Everything inside of me seemed to lurch. My grin faded.
Complement
—Laurent had not told me that part of the bond seeking. He'd only called it necessary. I looked over the edge of the path as if I'd find my thoughts somewhere below. “I think…I think a bond made is not always for love.”

“No fights, no news, no imagination…” I was useless as far as Lill was concerned. She snipped, “So then why have you come to Gren Fort?”

“A journey,” I answered vaguely.

Another disappointment. She shrugged. “Well, you will find no battles here. Nothing to heal…”

Lill ran a little way up the path and I hurried after, to where she stopped under hanging boughs of a birch that had somehow rooted in a crack of limestone and drooped like a screen for what lay behind: a wide ledge with two pools of water and a fall. The bigger pool was glass smooth—it collected the trickles from the waterfall. The closer was more a puddle where the water splashed into a shallow well in the rock and spilled over. It was not the one I'd seen in the Insight spell.

“You bathe here,” Lill was instructing. “Leave the quilt outside the branches; I'll bring you something to wear.” She turned to go.

“Wait, Lill!” I called her back. Her thin bright face appeared between the leaves. “There is something I'm looking for: a shell. Something”—I didn't lie—“that would be of great use to Healers. 'Tis said it's been hidden where there are waterfalls.
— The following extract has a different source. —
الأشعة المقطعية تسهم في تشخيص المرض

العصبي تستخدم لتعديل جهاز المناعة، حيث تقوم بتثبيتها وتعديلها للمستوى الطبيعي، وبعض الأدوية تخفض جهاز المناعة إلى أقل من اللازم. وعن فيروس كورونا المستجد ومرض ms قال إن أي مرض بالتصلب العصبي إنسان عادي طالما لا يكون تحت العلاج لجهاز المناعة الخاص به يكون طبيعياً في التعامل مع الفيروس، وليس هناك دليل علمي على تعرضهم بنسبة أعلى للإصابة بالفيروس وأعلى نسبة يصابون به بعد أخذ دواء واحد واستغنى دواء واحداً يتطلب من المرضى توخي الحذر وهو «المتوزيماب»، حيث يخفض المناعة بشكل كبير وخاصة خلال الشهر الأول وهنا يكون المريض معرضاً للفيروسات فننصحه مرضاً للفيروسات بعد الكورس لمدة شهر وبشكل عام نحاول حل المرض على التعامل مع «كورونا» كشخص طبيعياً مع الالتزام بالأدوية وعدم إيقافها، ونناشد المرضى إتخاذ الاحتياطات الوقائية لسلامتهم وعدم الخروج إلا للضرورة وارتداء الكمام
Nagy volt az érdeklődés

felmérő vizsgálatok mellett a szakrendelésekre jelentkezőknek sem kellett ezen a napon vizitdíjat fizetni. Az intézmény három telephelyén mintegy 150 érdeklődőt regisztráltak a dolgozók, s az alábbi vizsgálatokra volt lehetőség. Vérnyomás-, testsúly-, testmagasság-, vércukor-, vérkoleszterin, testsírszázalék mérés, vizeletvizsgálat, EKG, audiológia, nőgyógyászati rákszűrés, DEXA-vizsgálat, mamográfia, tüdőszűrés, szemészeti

Have you heard anything of it?”

“What sort of shell? Like from a tortoise?”

“A seashell.”

Lill shook her head. “I have never heard of a sea-shell. But you can ask Eudin at supper. He is our captain. He knows much.”
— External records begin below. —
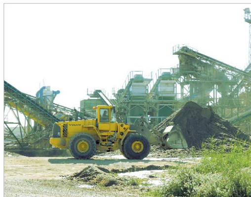
Zona de extracción de áridos.
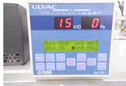
IM1R1 (ディスプレイ表示)
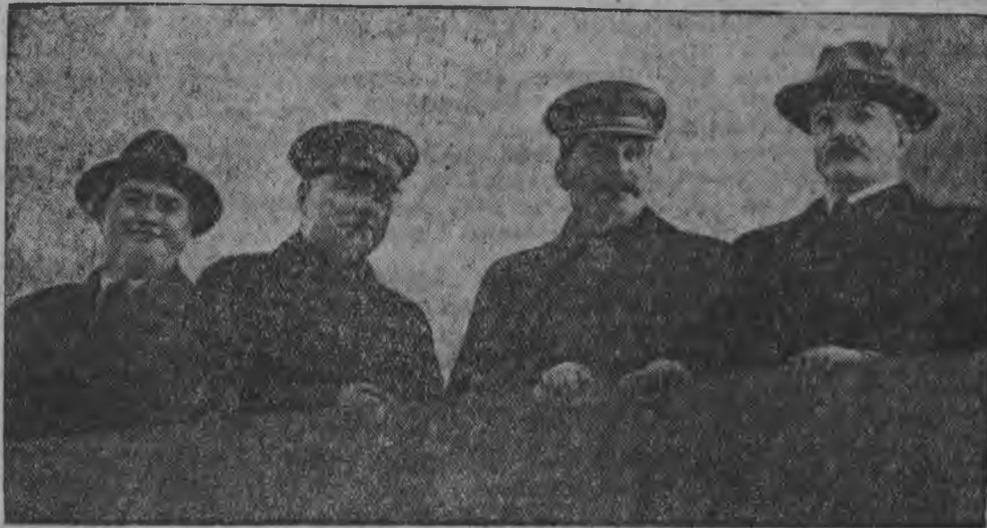
Бурьсен палляне: В. М. Молотов, И. В. Сталин, К. Е. Ворошилов но Г. М. Димитров эшъёс мавзолейлэн трибуназэ

I nodded, and then she made a fierce little giggle. “I hope he does not tell you to travel to Hooded Falls. That would be very bad.”

“Why?”

“Because if you go in, you cannot come out.”

“Well then it seems unlikely that someone would be able to hide something in Hooded Falls, for they would still be there, wouldn't they?”

She shrugged and disappeared, then popped her head back through the curtain of leaves, thinking of something else. “About the plants. How can I make him sweet on me? Will you help?”

“Sneak a daisy into his pocket,” I said. “They are past flowering, if they flowered at all this year, but you might find one or two if you look hard—are there fields nearby?”

At last I'd served a purpose; Lill was delighted. “I'll climb. I can find one!” She dashed away only to return a moment later. “I won't forget your things, though. I'll be back.” And she was gone.

—

Within the quarry, in the little bower that the birch screen provided, it was hard to remember the dying landscape above and that it had not rained for months. There was water everywhere, pristine and sun-warm. I stepped right under the shower and let it pour over me while I watched the sun shift farther down and draw the shadows up from below. I searched around for a loose chunk of limestone and scrubbed the old blood from my skin and hair.

It mocked me, that stone. Limestone was the choice of blacksmiths to clean impurities from metal before forging, which seemed a fallacy. Armor and weapons—however shiny—had black hearts. 'Twas how I felt: scraped clean on the outside, but all this spilled blood was staining my soul. No limestone could erase that.

I lifted my hands and watched the water beat into my cupped palms, wondering if it might wash away violence like it did magic. Or perhaps water was stained as well—quicksilver when running, but when stilled the things it washed from us collected beneath. Maybe as a Healer I was like running water: I cleaned away a person's ills. But then as Guardian of Death I was also the still water—where the ills settled.

The water beat steadily, turning my palms red.

After, I sat in a shaft of sunlight to dry, to think more practically. Lill had come back with my cleaned undershift, which she politely left outside the leaf curtain. I stayed where I was, chin propped on my knees, trying to sort out all that happened and consider what had been requested of me. Would I find the shell amulet? Where was Tarnec? Would it be as the little verse said—that the shell could bring the rain? And if I were the only one able to do these things, what else did such a calling offer?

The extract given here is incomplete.